The sample size for this study was calculated based on 95% CI and 5% margin of error by using the Raosoft software sample size calculator and the recommended sample was 163 individuals aged (16–26) with moderate and severe thalassemia, and excluded more age categories because the life rate for thalassemia patients is 25–30 years. Any patient has thalassemia, from the mentioned districts, not diagnosed with psychiatric disorders; was included. Of these patients with thalassemia, 41 were from Tulkarm (29 TM and 12 TI), 30 from Qalqilia (20 TM and 10 TI, 40 from Nablus (30 TM and 10 TI), 48 from Jenin (40 TM and 8 TI), and four from Tubas (1 TM and 3 TI). The sample was conveniently chosen between 2018 and 2019. The sample size applied was based on and according to similar studies.

Data collection

All participants completed a recruitment survey in a closed area inside the hospital. Data was collected through face-to-face interviews with all the participants who agreed and who met the inclusion criteria. Each interview lasted approximately 10 to 15 min.

Measures

Beck Depression Inventory (BDI): The BDI is self–reported instrument that consists of 21 questions on a Likert scale. Scores 1–13 indicate minimal depressive symptoms, 14–19 mild depressive symptoms, 20–28 having moderate depression, and 29–63 suggests that the individual has severe depression. The validity of the BDI has been applied in multiple cultural settings several researchers worldwide [17, 18].

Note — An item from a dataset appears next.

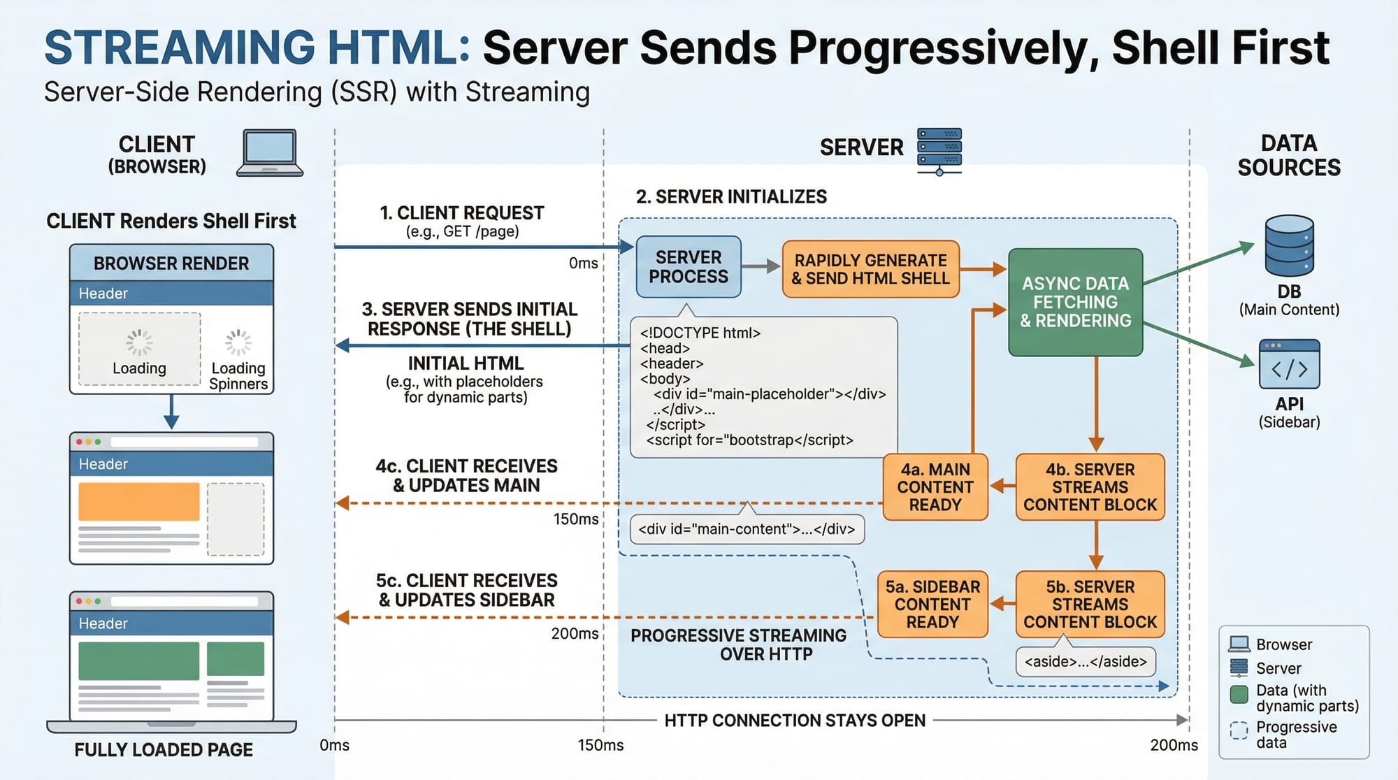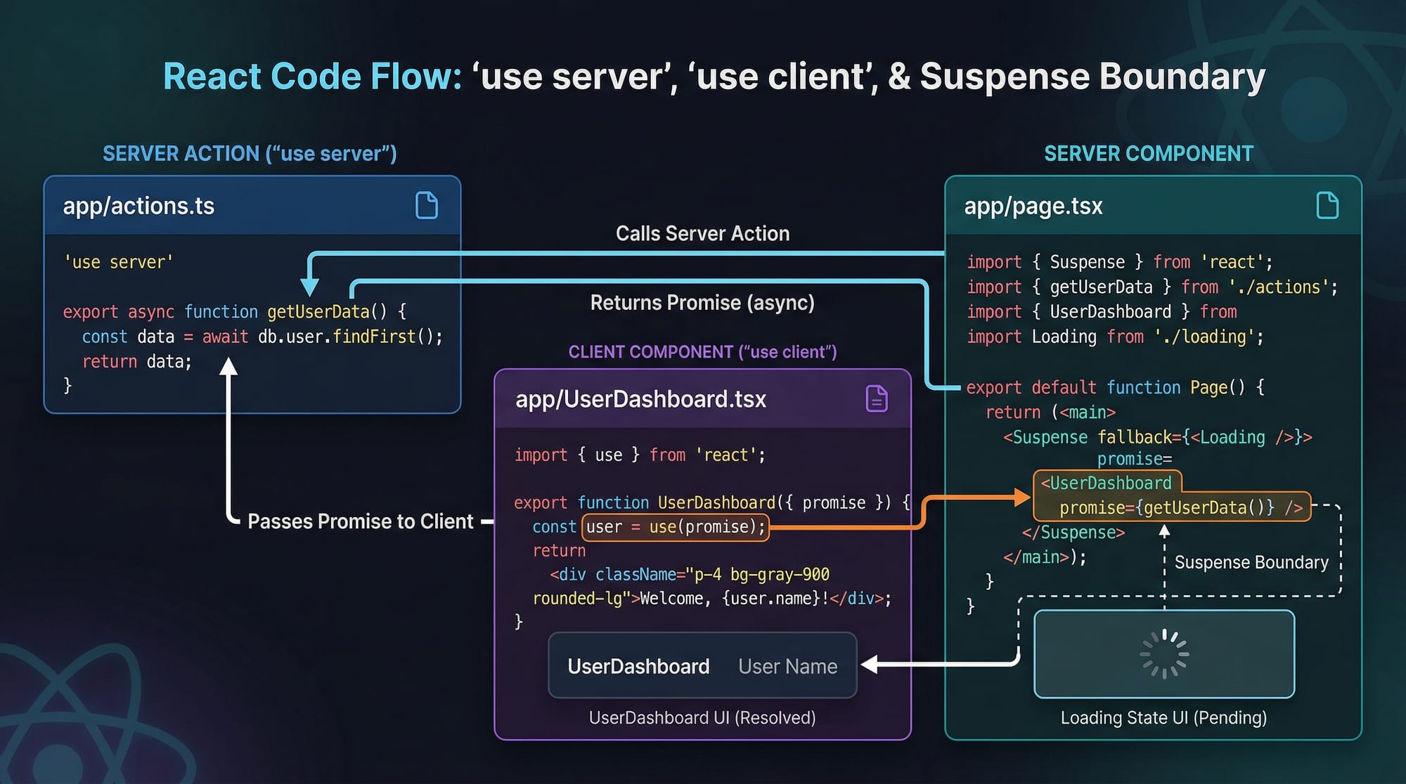 'use server'and'use client'directives define the execution context.- Suspense boundaries allow progressive rendering for better UX.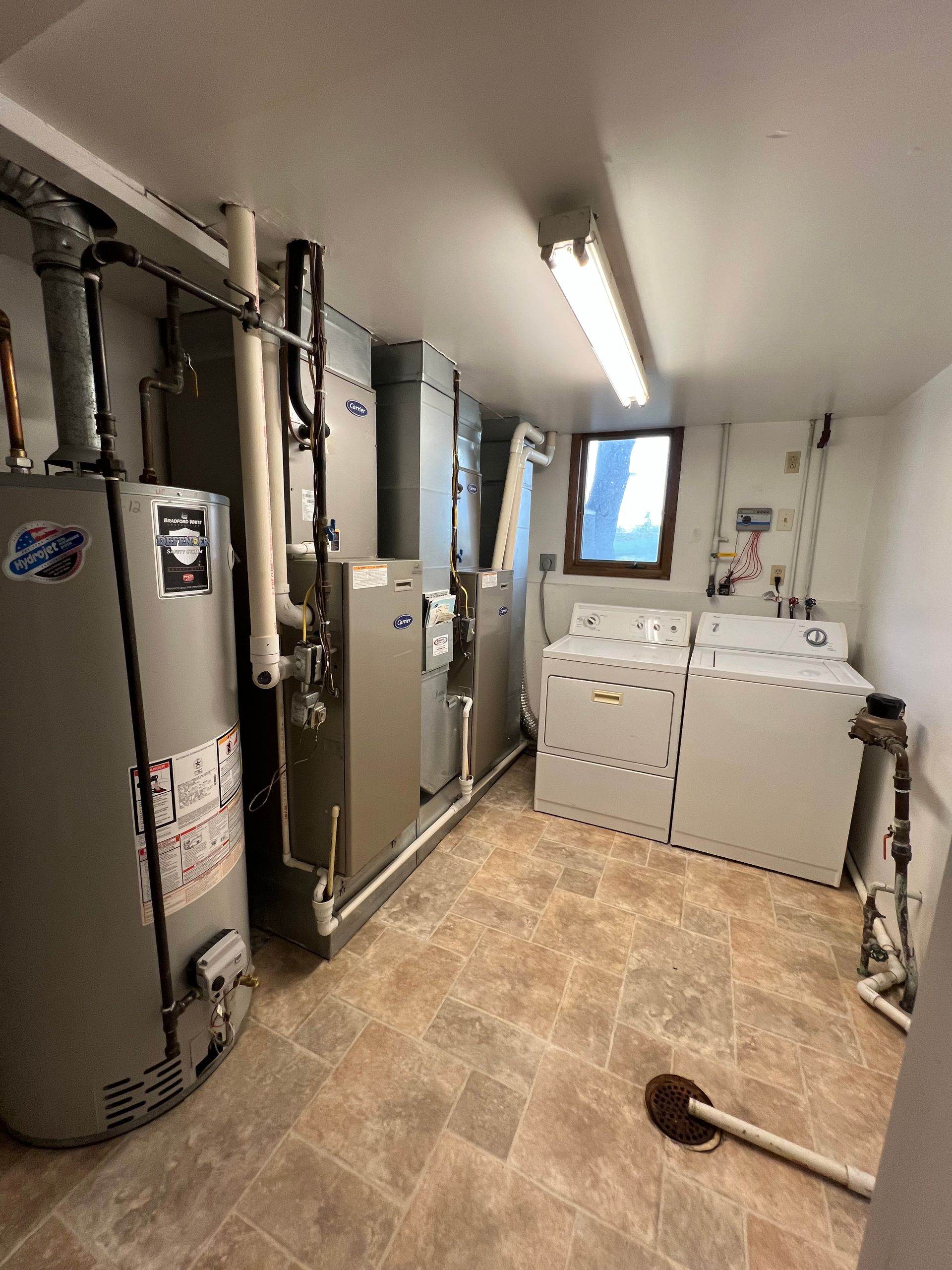Spacious & updated with new carpet, paint and more over/under duplex built in 1978. Upstairs includes 3 bedrooms, 2 bathrooms and large kitchen/dining area with living room. Unit has main floor laundry hook-ups The lower level includes 4 bedrooms, 2 full bathrooms and laundry room with washer & dryer included, office area and large kitchen/dining area. Vinyl siding on the house and a detached 3 stall garage with parking pad. Great as an investment or owner occupant with extra income. Each unit has their own furnace and sperate central air unit. Tenants have paid their own utilities, owner has never paid utilities.

Alansari (2006) examined the Arabic BDI version against validity and reliability of the tool in Arabic culture, was found to be valid, Cronbach alpha coefficient indicated high level of internal consistency (α = 0.85) [19]. In the current study, we used Alansari validated, reliable, and Arabic version.

Statistical analysis

The data were analyzed using IBM SPSS software ver. 21.0 through descriptive statistics (mean, standard deviation, frequency, and percentage) and analytical statistics using generalized linear regression model. The results were considered to be significant at the conventional level of P ≤ 0.05. The minimal to mild depression variable considered in this study as a referral factor when analyzed the regression, due to that all thalassemia patients had at least minimal to mild depression and there was no one free from depression

symptoms.

Results

Results of demographic information in Table 1 shows that the female participants outnumbered the male participants: 55.2% versus 44.8%. 38.7% of participants were older than 20 years old. Most of the participants (58.3%) were from rural villages (as opposed to cities or internally displaced people’s camps (IDP)). About 41% of the participants had completed high school. Sixty-five percent of the participants were diagnosed with thalassemia at the age of ≤ 1, while 35% were diagnosed after 1 year of age.

Table 1 Distribution of the participants according to socio-demographic data

Regarding transfusion frequency, the results showed that 72.4% of the sample received blood transfusion monthly and above, while 27.6% received blood transfusion weekly. About 62% of the sample had a high ferritin level; which reflects the vulnerability to develop iron overload related complication, close to 60% of participants used tablets to treat ferritin, while 29.5% used pump machines, and 11% did not need treatment. Also, 86.5% of the participants reported complications such as hepatomegaly, splenomegaly, and heart failure, 13.5% who said facial disfiguration.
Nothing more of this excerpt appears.